Something is happening in our collective mind-space, but what is it? Is it a mass awakening…or merely the sound of people upgrading their illusions?

Of course, to ask whether people are waking up or changing illusions assumes it is one or the other. But perhaps it is “both,” meaning people are waking up even as they continue to traffic in illusions. Indeed, where else could people wake up if not right in the middle of their illusions?

Roughly one hundred years ago the British philosopher, F.H. Bradley shocked his contemporaries when he observed that whenever facts contradict theories, it goes the worse for the facts. The notion that theories take precedence over facts is now a truism of a postmodern, post-fact, true-spin/values world. We no longer think of our brains as blank slates upon which reality writes itself but as Virtual Reality Generators that cleverly create simulations in our heads that we then call reality. We think of our brains as “hardware” with the cluster of pre-conscious assumptions and filters that “construct” the simulations that then constitute our experience being the “software.” You could say that terms like “dominant ideology,” “world-view,” “spirit of the age,” and “how we think about things” all ultimately refer to this software. In complex social systems like our nation, there will be a “cultural software program” programmed into the masses to enable the “construction” of consensus reality.

So it is a dramatic event that portends massive consequences when an entire era of “how we think about things” suddenly collapses. The collapse of the Soviet Union provides a dramatic illustration of just such a thing. Long before the actual 1991 collapse, a long-standing “whole way of thinking” had already died in the Soviet collective mind-space. While we Americans have not had a “1991” moment yet, our dominant cluster of ruling ideas and values—our “whole way of thinking”—has recently died in our souls.

About time! It had gotten to the point that the “whole way we think about things” had been so contaminated with special interest programming that our greatest problem had become the “whole way we think about things.” Now that it has died, the distorting filters and ideological blinders of this “way of thinking” will begin to fall away and people will suddenly begin to see things that have been hidden by the filters. For example, it will become clear that when a nation is in debt, tax cuts do not “cut” that debt but only redistribute the payments for it—in this case, from the wealthy to working people, and from this generation to the next. And without blinders they will “see” how truly ridiculous it is to treat American policies and behavior as an “exception” to the experience of history. It will become suddenly clear that greed is a failing of character, torture and war are unqualified moral abominations, economic outsourcing is economic suicide, and “holier-than-thou” ego posturing is odious to heaven.

Once again, since the death of a whole “way of thinking” occurs on the deep level of unspoken assumptions, it naturally takes a while for the consequences of the change to work their way up to the surface. During this time it is business as usual on the surface. I think we are in this gap time now, which is why many Americans who care passionately about truth, honesty, and justice are afraid that things have not in fact changed at all.

Here is my positive spin.
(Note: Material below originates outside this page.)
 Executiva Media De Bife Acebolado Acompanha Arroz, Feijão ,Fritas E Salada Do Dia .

I think we can be more open to the notion that it will take some time for the consequences of the fact that our “whole way of thinking” to emerge if we stand back for a moment and consider how dominant ideologies work. While all dominant ideologies establish a hierarchy of social relations that give wealth, privilege, and control to an elite, the most important and defining feature of them is not their power to do this but their invisibility. In other words, their defining feature is not simply that they set up an unjust hierarchy; it is that they do so in a way that makes the unjust hierarchy they establish seem like a completely natural, spontaneous, and necessary expression of the nature of reality. This is why it is significant that growing numbers of people now name special interest politics as a malevolent force that is ruining the country and degrading their lives. It means the mask of invisibility has been ripped off.

OK, so what should our next “way of thinking” be? I have a guiding point to offer regarding a healthier and better “whole way to think.” It is a classificatory scheme detailing the three essential aspects of any possible society and the appropriate guiding value for each. I first learned about this three-part scheme up in the work of Rudolf Steiner, and the historian, Dorothy Moore, also sketches it out in her little known but brilliant book, “The Liberty Bell Papers.”
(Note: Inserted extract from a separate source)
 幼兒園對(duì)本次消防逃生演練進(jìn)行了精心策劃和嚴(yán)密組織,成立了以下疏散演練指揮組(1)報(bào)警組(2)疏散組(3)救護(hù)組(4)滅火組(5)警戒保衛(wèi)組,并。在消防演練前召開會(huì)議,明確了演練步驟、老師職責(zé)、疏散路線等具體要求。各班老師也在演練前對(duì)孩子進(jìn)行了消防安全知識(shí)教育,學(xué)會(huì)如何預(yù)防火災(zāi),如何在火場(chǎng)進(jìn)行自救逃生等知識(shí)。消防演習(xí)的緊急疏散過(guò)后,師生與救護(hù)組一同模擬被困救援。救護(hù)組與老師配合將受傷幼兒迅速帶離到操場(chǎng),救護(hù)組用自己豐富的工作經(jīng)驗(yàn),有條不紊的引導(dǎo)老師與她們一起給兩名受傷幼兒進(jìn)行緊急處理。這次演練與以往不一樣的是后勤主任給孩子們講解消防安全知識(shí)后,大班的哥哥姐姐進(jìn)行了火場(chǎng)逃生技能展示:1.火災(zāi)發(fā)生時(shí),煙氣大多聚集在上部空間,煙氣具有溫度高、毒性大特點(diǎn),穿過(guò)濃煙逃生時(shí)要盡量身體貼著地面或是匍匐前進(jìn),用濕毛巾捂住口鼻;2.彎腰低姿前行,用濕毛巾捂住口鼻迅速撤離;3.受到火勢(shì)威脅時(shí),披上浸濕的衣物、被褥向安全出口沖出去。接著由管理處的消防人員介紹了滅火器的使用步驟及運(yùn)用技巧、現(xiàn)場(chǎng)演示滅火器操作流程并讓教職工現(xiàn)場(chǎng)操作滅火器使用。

The basic idea is that any possible society—whether a healthy society based on the pursuit of the common good with laws, reason, and justice, or a sick society based on upper class greed using deceit and manipulation to pretend to be pursuing the common good while looting the nation—will have three distinct realms, each with a distinct guiding value. There will be an economic realm, a political realm, and a cultural realm.
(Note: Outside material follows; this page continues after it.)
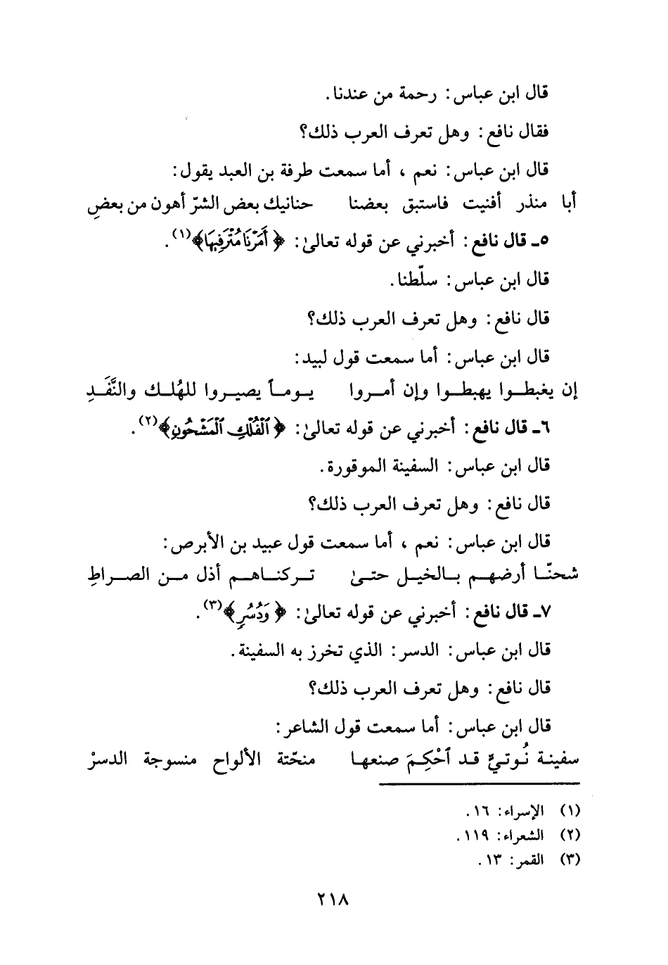 قال ابن عباس: نعم، أما سمعت طرفة بن العبد يقول:

The ultimate value and guiding light of the economic realm is fairness or equity. An economy that is fair is healthy. As far as the economy is concerned, then, the value we should aim at is fairness, not freedom. In a healthy society, the potential of Big Money to dominate and get its way would be strictly limited in the interest of fairness. 

The ultimate value and guiding light of the political realm is equality. A political system that treats all citizens as equal, giving to each equal rights, equal protection of the law, and equal access to power is healthy. A political system that distributes rights and protections unequally, letting money influence politics and justice, is unhealthy.

And the ultimate value and guiding light of the cultural realm in a truly ideal society would be freedom—freedom of thought, freedom of expression, and freedom of inquiry. 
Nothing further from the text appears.